This article first appeared in The Edge Malaysia Weekly on November 7, 2022 - November 13, 2022
It has been a decade since the 2012 discovery of financial irregularities at Silver Bird Group Bhd that revealed a RM112 million hole in its finances, which later turned out to be more than twice that size at RM297 million. The problems arose from several doubtful payments for property refurbishment and machinery upgrades, as well as unverifiable sales.
The bread maker fell into Practice Note 17 status that same year, while its founder and then group managing director Datuk Jackson Tan Han Kook, together with the group executive director at the time, Derec Ching Siew Cheong, were suspended and subsequently terminated.
The group — which then counted Lembaga Tabung Haji, Berjaya Corp Bhd and Koperasi Permodalan Felda Malaysia Bhd among its substantial shareholders — went on to file a RM125 million lawsuit against the duo for criminal breach of trust (CBT) and for conspiring with eight others to defraud the company.
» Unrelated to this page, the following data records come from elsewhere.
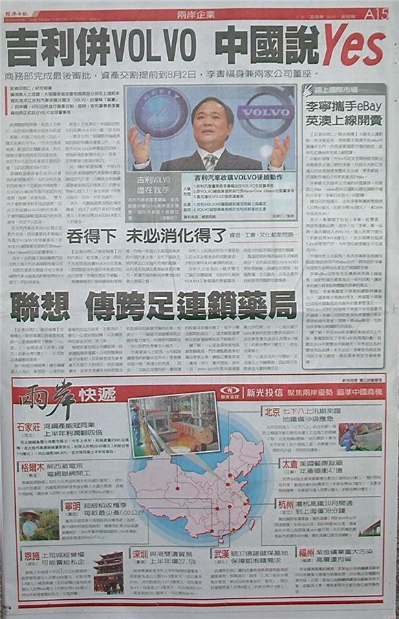 據消息人士透露,大陸國家發改委和商務部分別在上週和本週批准浙江吉利汽車收購沃爾沃(VOLVO,台灣稱「富豪」)的申請,8月2日將進行資產交割,屆時,吉利董事長李書福也將正式就任VOLVO全球董事長。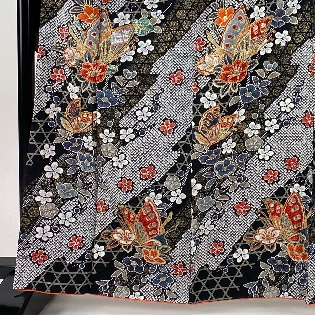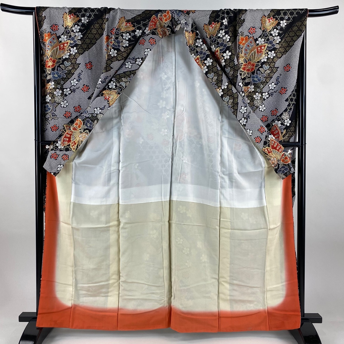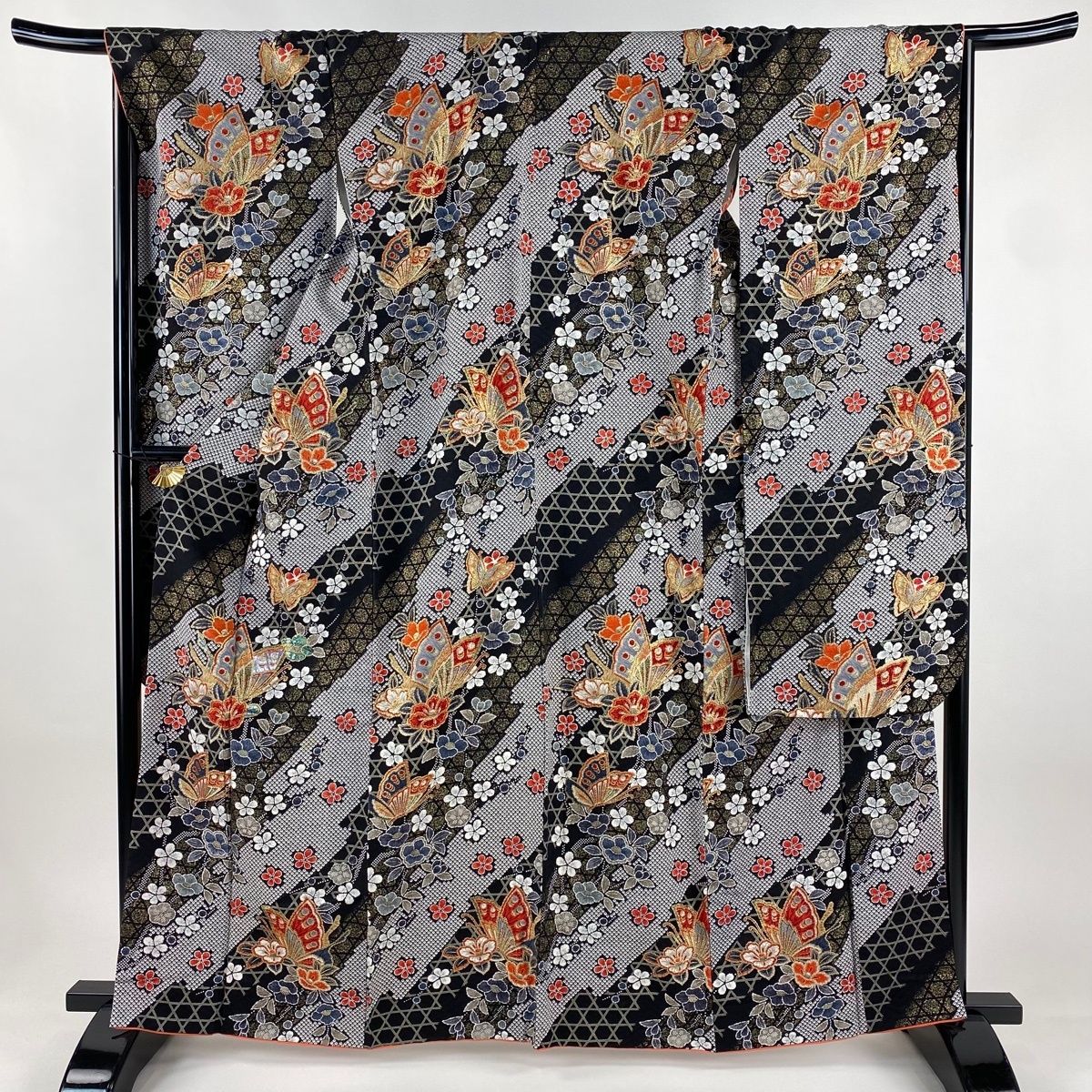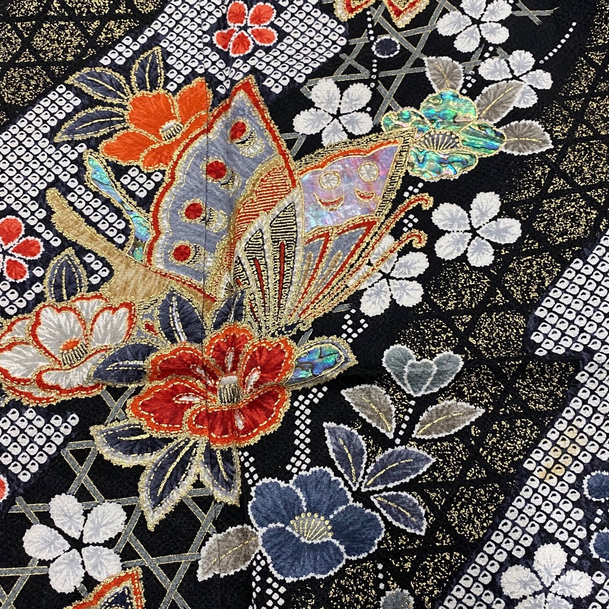 | 振袖 秀品 蝶 椿 螺鈿 金彩 黒 袷 身丈163.5 裄丈66 M 正絹 【中古】 |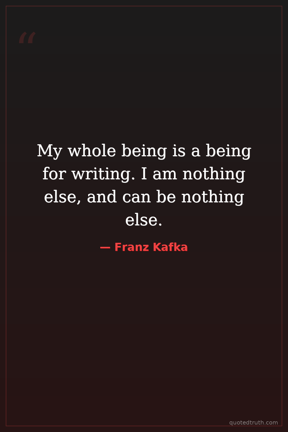 My whole being is a being for writing. I am nothing else, and can be nothing else.

Tan and Ching were also jointly charged in 2012 and claimed trial to 134 charges of cheating Malayan Banking Bhd by using forged invoices to apply for banker’s acceptance facilities for three companies.
A year later, the two were also charged by the Securities Commission Malaysia for furnishing false information relating to Silver Bird’s revenue to Bursa Malaysia Securities in 2010 and 2011. Tan was slapped with seven counts of the offence, while Ching was hit with eight.
While both were acquitted in 2020 of all the 134 charges of cheating Maybank, they pleaded guilty to one charge each of furnishing false information to Bursa. Last Thursday, after nine long years since they were charged for the offence, the duo were finally sentenced: to one day in jail and a fine of RM500,000 each, in lieu of 50 more months of imprisonment.
In that time, the company that was once known for its “High 5’” brand bread loaf and “Silverbird” cakes was delisted in October 2014, with accumulated losses of RM462.29 million. It ceased operations in June 2016, following a court order to vacate its premises.
The latest court decision marks the close of another chapter for the bread maker. But have Silver Bird’s minorities, whose investments in the company went up in flames, got the justice they deserve? One doubts if they would think so.